Informatics Senior Chinmayee Channuri wins Fall 2025 Dean’s Choice Award for Capstone Project

Published:
December 22, 2025
Fall 2025 Dean’s Choice Award_Michael Agresta

Chinmayee Channuri, an undergraduate senior double-majoring in Informatics at the School of Information and Management Information Systems at McCombs School of Business, has won the Fall 2025 Dean’s Choice Award for her capstone project “Building Product Growth Metrics for Voila Voice.” Dean’s Choice Awards are selected from among graduating iSchool students by Interim Dean Soo Young Rieh at our semi-annual iSchool Capstone Poster Session events. 

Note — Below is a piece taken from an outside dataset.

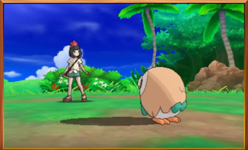 O treinador agora permanece em campo em algumas circunstâncias de batalha e neste caso o Rowlet roda a cabeça para o ouvir melhor, o que é simultâneamente prático e... perturbador.

Channuri’s winning project aimed to help Voila Voice, an early-stage AI ed-tech startup, gain clarity around how users experience and derive value from the product. As Voila Voice scaled, the team needed a reliable way to understand user behavior, identify signals of product-market fit, and make confident growth decisions. Channuri’s contribution was to translate complex product data into an easy-to-understand map of the full user journey and dashboards aligned to key stages of product growth, giving the company better visibility into how users discover, engage with, and return to the product. 

“During my time at the iSchool, I learned to see analytics as a design problem grounded in user empathy, not just a technical exercise,” Channuri says. “While an effective analytics system does begin with asking the right questions, the iSchool taught me that those questions must be shaped by an understanding of the real users behind the data.” 

Working with Voila Voice, Channuri took those ideas to heart, striving to create an internal analytics system that was every bit as human-oriented as the product’s interface and user experience design.  

“Rather than centering my work on surface-level metrics, I designed product-growth dashboards that highlighted meaningful user behavior and real signals of product value,” she says. “I also built the underlying analytics system to be lightweight yet scalable, ensuring it could grow alongside the product without sacrificing clarity or interpretability.” 

Channuri sees her capstone project as a bridge between her academic training and her long-term goal of working in technical product management, giving her invaluable hands-on experience at the intersection of product, data, and engineering. 

“More importantly, the project reinforced the kind of product builder and leader I aspire to be,” Channuri adds. “As I continue my career, I hope to build data-driven products where decisions are guided by trustworthy, interpretable insights and where user behavior serves as a tool for clarity, alignment, and long-term impact.”